La demanderesse invoque, à l'appui de son pourvoi, le moyen unique de cassation annexé au présent arrêt.
Le dossier a été communiqué au procureur général.
Sur le rapport de M. de Leiris, conseiller référendaire, les observations de la SCP Gadiou et Chevallier, avocat de la société Carax, de la SCP Sevaux et Mathonnet, avocat de Mme T..., et l'avis de M. Girard, avocat général, après débats en l'audience publique du 22 janvier 2020 où étaient présents M. Pireyre, président, M. de Leiris, conseiller référendaire rapporteur, Mme Martinel, conseiller doyen, et Mme Thomas, greffier de chambre.
la deuxième chambre civile de la Cour de cassation, composée des président et conseillers précités, après en avoir délibéré conformément à la loi, a rendu le présent arrêt ;
Faits et procédure
1. Selon l'arrêt attaqué (Paris, 19 septembre 2018), la société Carax a relevé appel du jugement d'un conseil de prud'hommes rendu dans une affaire l'opposant à Mme T..., a remis au greffe ses conclusions le 30 juin 2017 et les a notifiées concomitamment à M. S..., qui était l'avocat de Mme T... devant le conseil de prud'hommes.
2. Mme T... a constitué M. S..., le 30 août 2017, puis soulevé un incident de caducité devant le conseiller de la mise en état. La société Carax a déféré à la cour d'appel l'ordonnance de ce conseiller constatant la caducité de sa déclaration d'appel.
Examen du moyen
Sur le moyen unique, pris en sa première branche, ci-après annexé
3. En application de l'article 1014, alinéa 2, du code de procédure civile, il n'y a pas lieu de statuer par une décision spécialement motivée sur ce moyen qui n'est manifestement pas de nature à entraîner la cassation.

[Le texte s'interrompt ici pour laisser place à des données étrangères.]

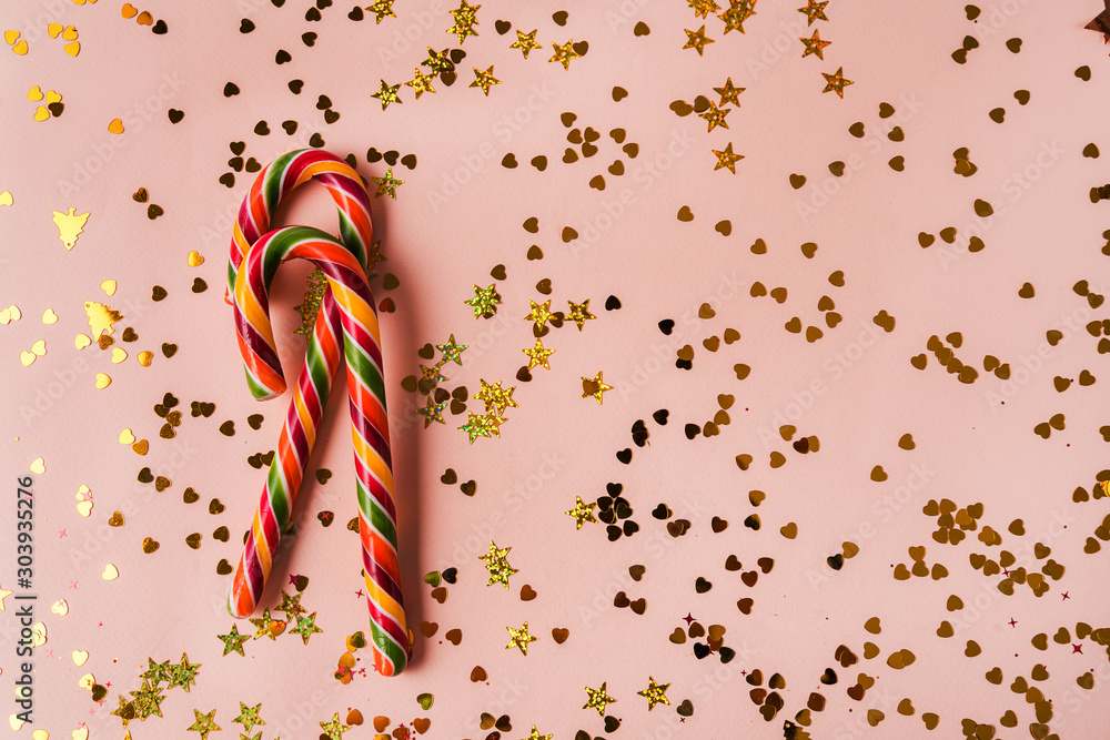 Festive Christmas background with candy cane and colorful confetti on pink background,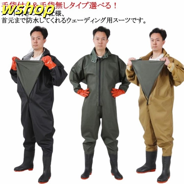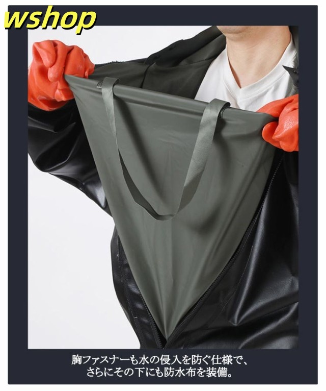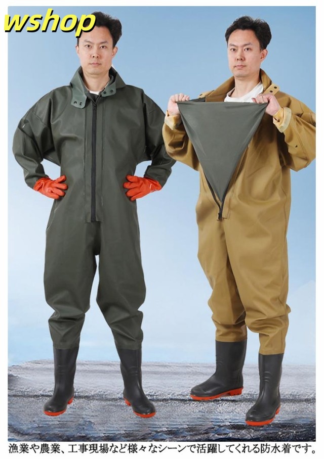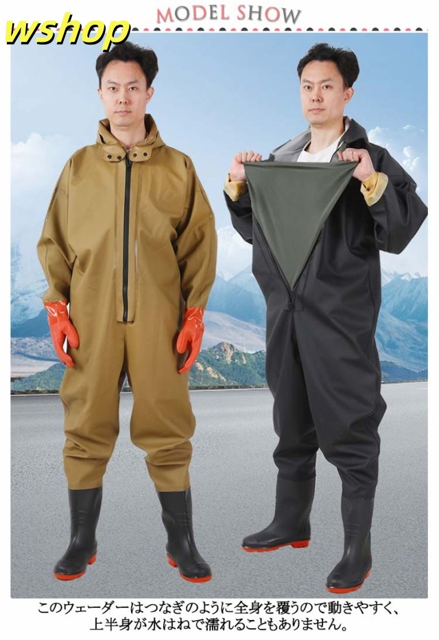 | フード付きつなぎ仕様、首元まで防水してくれるウェーディング用スーツです。 手袋付き&手袋無しタイプ選べる! このウェーダーはつなぎのように全身を覆うので動きやすく、上半身が水はねで濡れることもありません。 フード付きで全身をすっぽり覆ってくれる防水着なので、雨天の作業でも雨風からあなたの体をしっかりガード。 レインコートのように豪雨ではだけることもないので、台風などの緊急時の救護作業でも威力を発揮します。 素材は厚手のPVCで傷つきにくく、水の侵入はもちろん外気からも肌をしっかり守ります。 胸ファスナーも水の侵入を防ぐ仕様で、さらにその下にも防水布を装備。 全体を立体成型しているので動きやすさもバッチリです。 漁業や農業、工事現場など様々なシーンで活躍してくれる防水着です。 | |

Sur le moyen unique, pris en ses deuxième et troisième branches
Enoncé du moyen
4. La société Carax fait grief à l'arrêt de confirmer l'ordonnance du conseiller de la mise en état du 14 février 2018 constatant la caducité de sa déclaration d'appel, alors :
« 1°/ que le but poursuivi par la caducité en cas d'absence de notification des conclusions dans le délai requis est d'obliger l'appelant à faire connaître rapidement ses moyens à la partie qui n'a pas constitué avocat ; que ce but est atteint lorsque l'appelant a signifié ses conclusions avant l'expiration du délai à l'avocat mandaté par l'intimé, quand bien même celui-ci n'aurait-il pas régularisé son acte de constitution avant cette signification ; qu'en l'espèce, la société Carax a notifié ses conclusions et pièces au conseil de Mme T... par RPVA le 30 juin 2017, soit trois mois après la déclaration d'appel et M. S... a téléchargé l'ensemble des pièces transmises par Wetransfer le 7 juillet suivant avant de régulariser sa constitution le 30 août 2017 ; que la célérité de la procédure d'appel ayant été ainsi obtenue et, partant, le but atteint, la sanction de la caducité de la déclaration d'appel devenait disproportionnée ; qu'en décidant le contraire, la cour d'appel a derechef violé l'article 6, § 1 de la Convention de sauvegarde de des droits de l'homme et des libertés fondamentales ;
2°/ qu'en cas de force majeure, le conseiller de la mise en état peut écarter l'application des sanctions délais prévues aux articles 905-2 à 911 : qu'en l'espèce, la société Carax avait souligné que la notion de force majeure, telle qu'entendue par ce texte, était distincte de celle de cause étrangère en ce que son acception était exclusive du critère d'extériorité ; que dès lors, en se bornant, pour écarter la force majeure, à retenir que « l'appelante ne pouvait ignorer qu'elle n'avait pas reçu l'avis de constitution de son adversaire dans le cadre de l'instance devant la cour d'appel », sans répondre aux conclusions de la société Carax, la cour d'appel a violé l'article 455 du code de procédure civile. »
Réponse de la Cour
5. En application de l'article 911 du code de procédure civile, sous les sanctions prévues par les articles 908 à 910 de ce code, les conclusions sont signifiées aux parties qui n'ont pas constitué avocat dans le mois suivant l'expiration du délai de leur remise au greffe de la cour d'appel ; cependant, si entre-temps, celles-ci ont constitué avocat avant la signification des conclusions, il est procédé par voie de notification à leur avocat.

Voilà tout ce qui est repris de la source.